* _TASK REQUIREMENTS_
Once you find the line with "Väljä, ylhäältä alas neulottu toppi." in the entries below, print it and each line after it up to and including the line with "- 1 suíte (cama", exactly, without pictures.
= Beginning of Section =
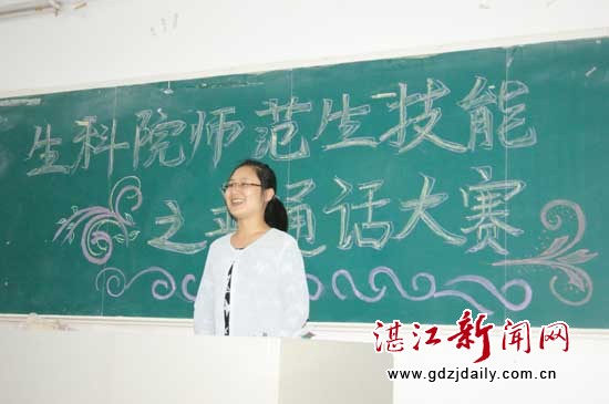 湛江新闻网4月8日讯 2012年4月7日晚7:30,湛江师范学院生科院在教三207教室举行了师范生技能之普通话大赛,院朗诵队队长和过二甲的普通话小老师担任本次大赛的评委,生科院各年级热爱普通话的同学出席了本次大赛。
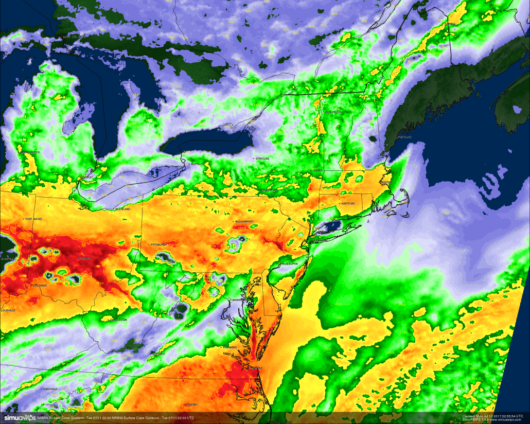 This afternoons NAM model showing the area destabilizing quite nicely after an initial round of showers and storms moving through the area. The situation will have to be monitored closely tomorrow afternoon to gauge the overall threat
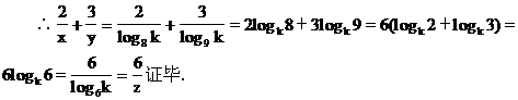 证 设8x=9y=6z=k(k>0,且k≠1)则x=log8k,y=log9k,z=log6k,
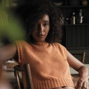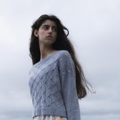 Väljä, ylhäältä alas neulottu toppi.
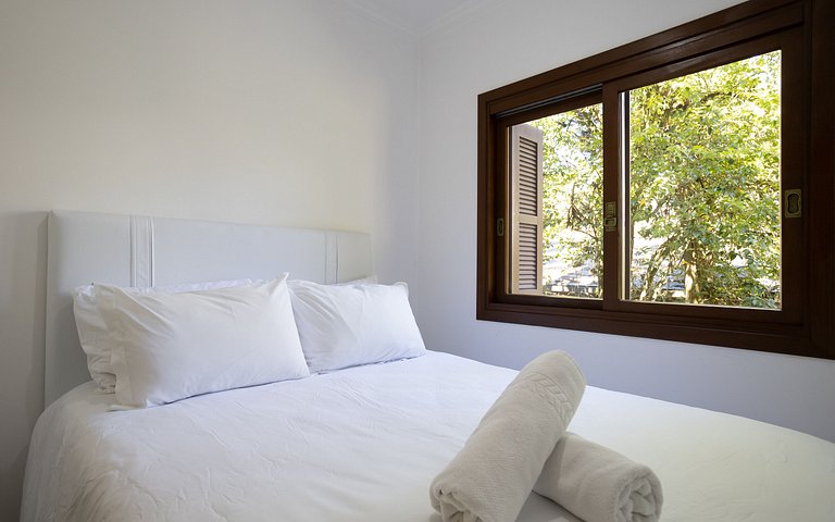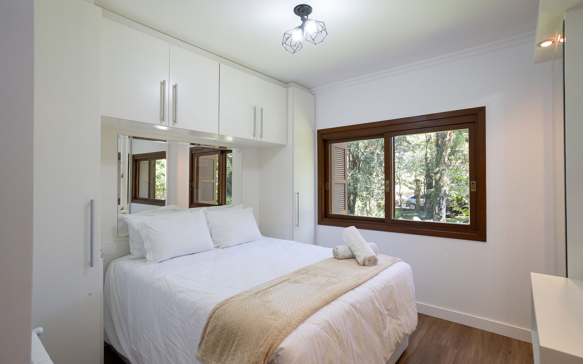 - 1 suíte (cama Queen) + banheiro com secador de cabelo.
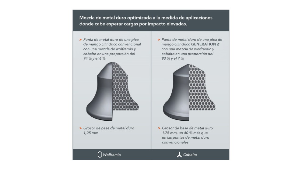 Las picas de mango cilíndrico de la GENERATION destacan por características de producto únicas que les permiten sobre todo reducir los costes operativos. Gracias a la geometría de punta de metal duro optimizada con base de metal duro reforzada y al diseño de mango adaptado, las picas de esta serie de productos están diseñadas para soportar altas cargas por impacto, por lo que constituyen la solución ideal para campos de aplicación como el reciclaje y la estabilización. El volumen del cuerpo de acero relativamente grande en comparación con las picas de mango cilíndrico convencionales y el disco de desgaste reforzado dan como resultado la durabilidad más larga posible de las herramientas y una protección ideal de las piezas superiores de los portapicas precisamente en aplicaciones con materiales abrasivos.
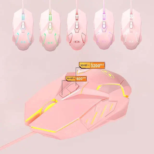 LED backlight: blue, red, green, purple, cyan, yellow and white, long press the button for three seconds to turn on/off the breathing light. adjustable speed levels: 600/800/1200/1600/2400/3200, anti-skid scroll wheelfeaturing stable control and high sensitivity.
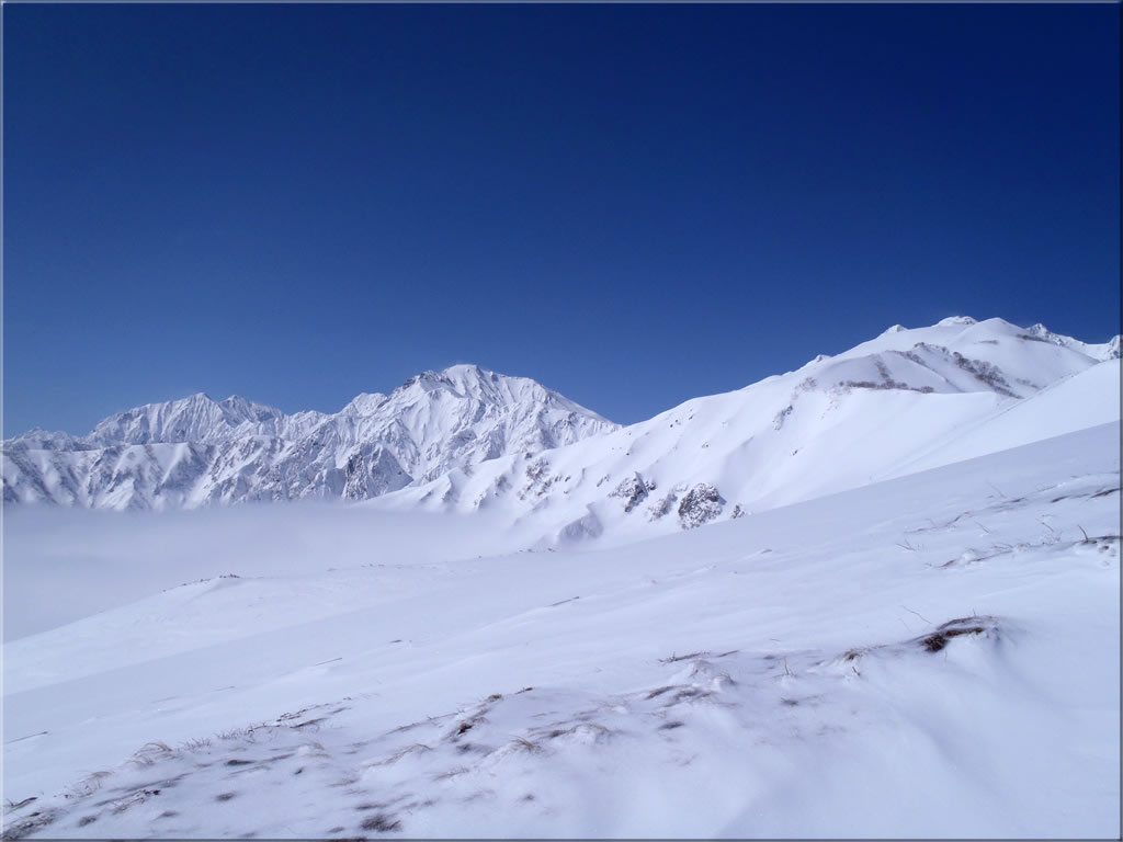 12時32分、やっと尾根上に出ます。そこで休憩していた先行者の皆さんにトレースのお礼を言い、そのまま反対側の八方池の上を通って無名沢上部に向かいます。尾根の最上部は雪が飛ばされてカリカリでしたが、すぐに吹きだまりの雪が出てきます。ではさらさらパウダーを期待して滑降開始!。
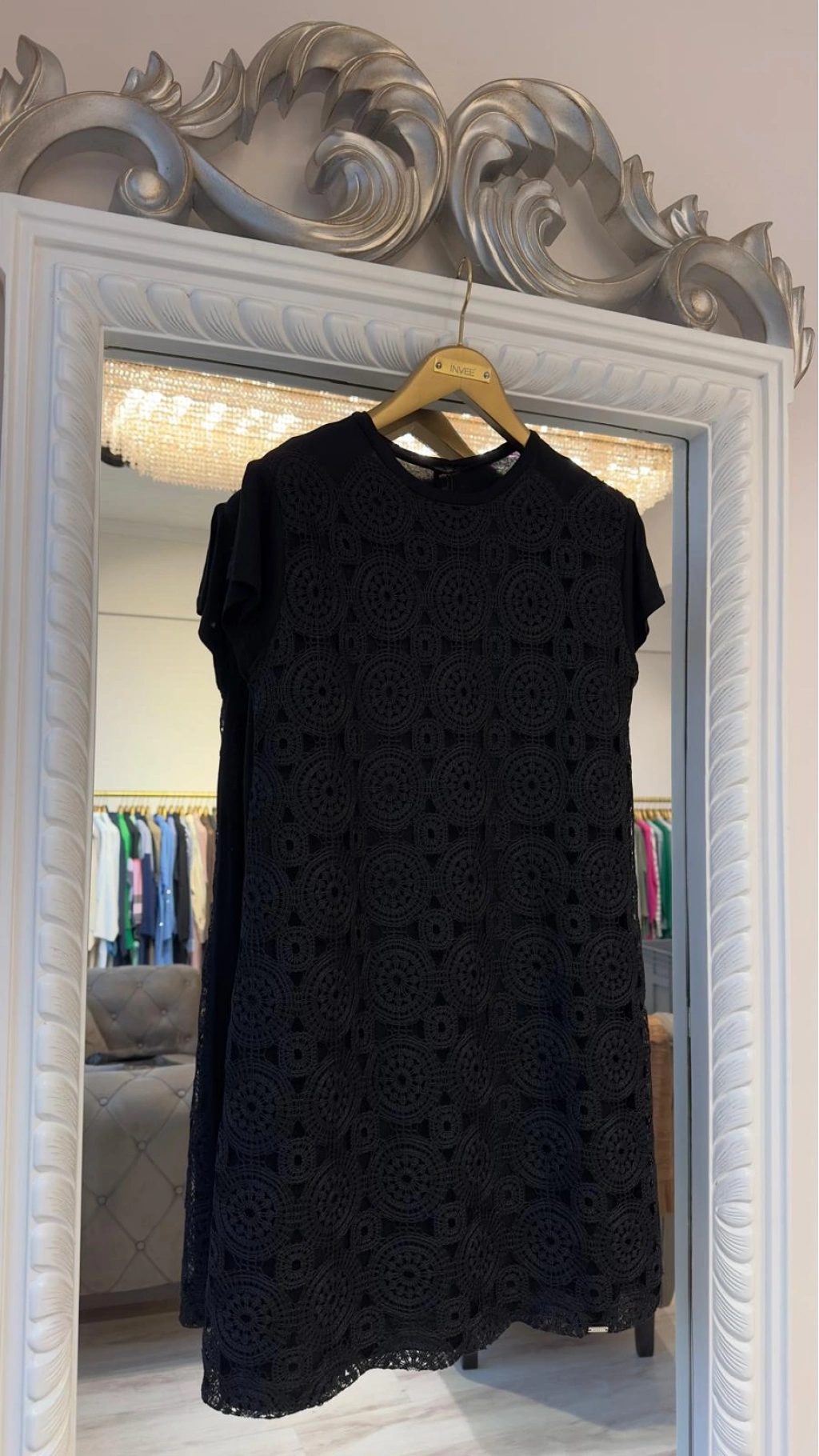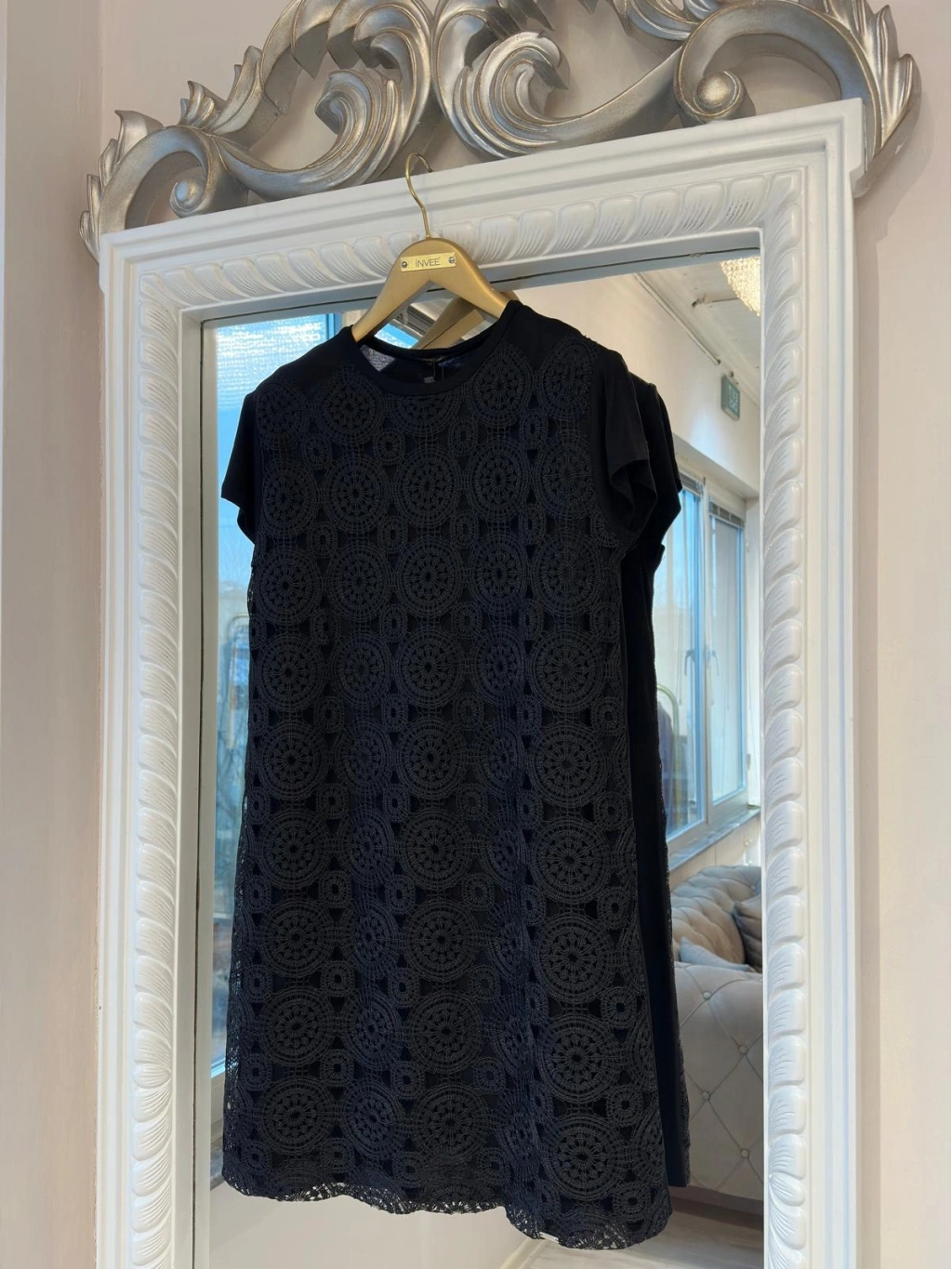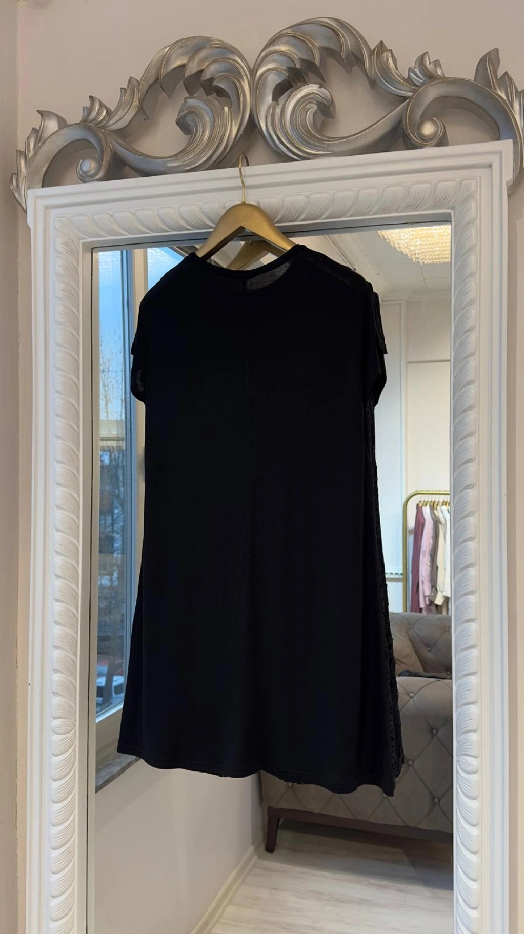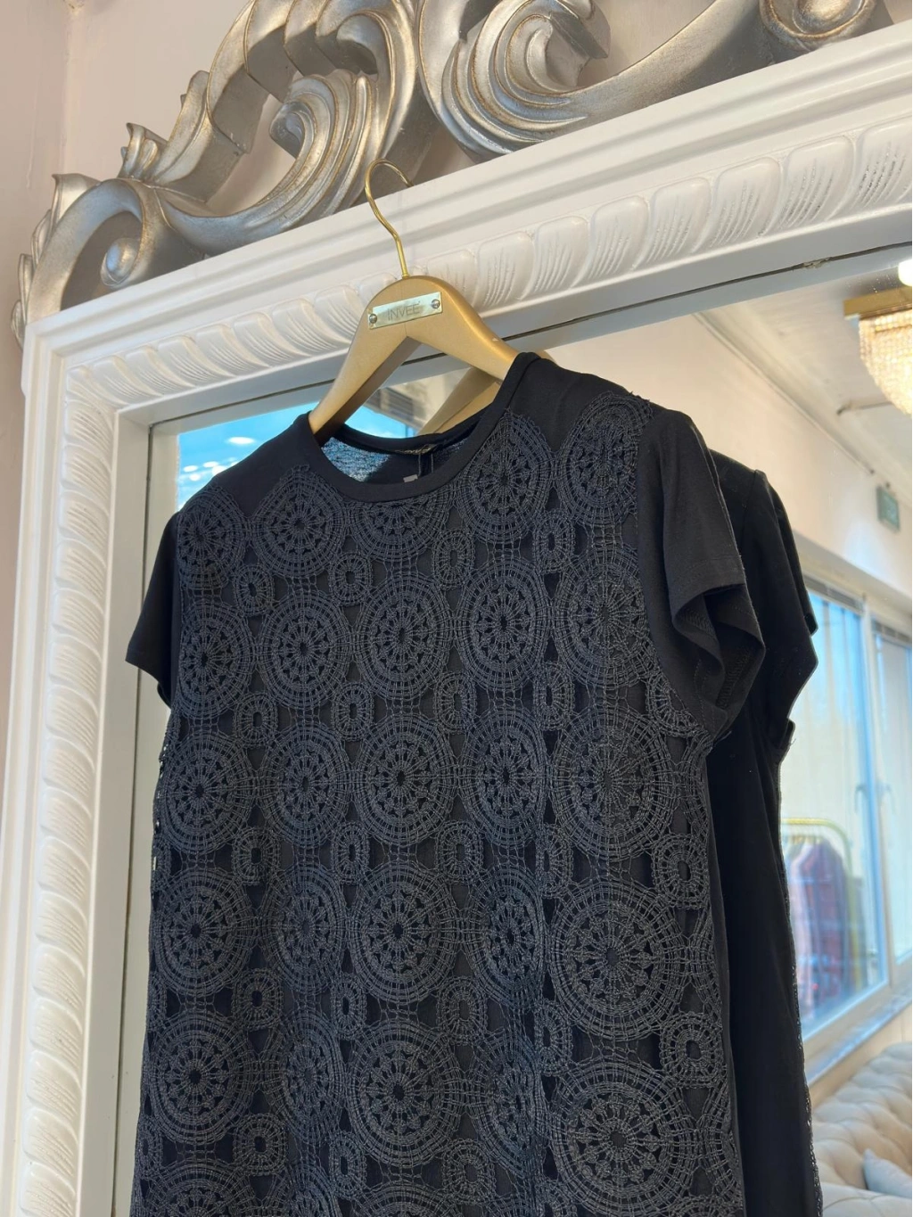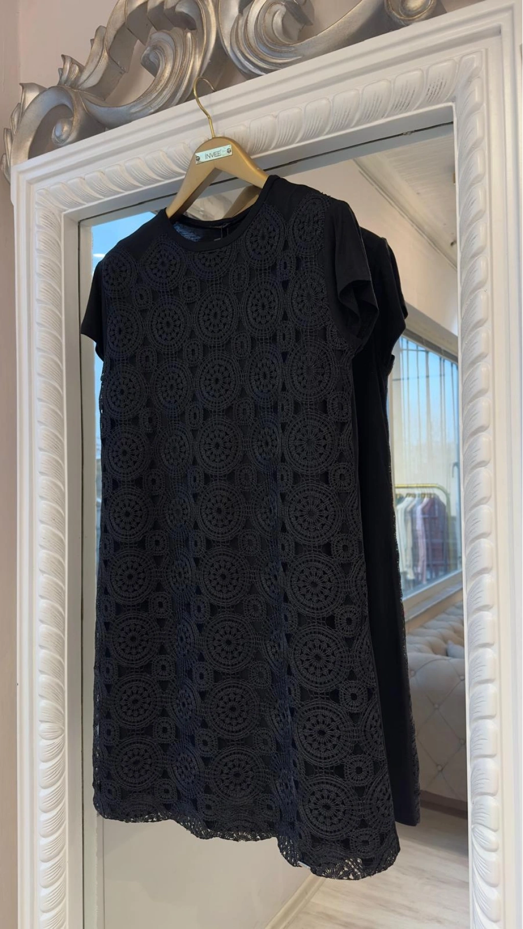 Zarif dantel yüzeyi ve sade kesimiyle öne çıkan bu tunik, hem günlük hem de özel kombinleriniz için şık bir alternatiftir. Ön yüzündeki dairesel desenli dantel dokusu ürüne sofistike bir görünüm kazandırırken, iç astarlı yapısı sayesinde rahat ve güvenli kullanım sunar.
= End of Section =
* _SOLUTION TO THIS EXERCISE_
 Väljä, ylhäältä alas neulottu toppi.
 - 1 suíte (cama Queen) + banheiro com secador de cabelo.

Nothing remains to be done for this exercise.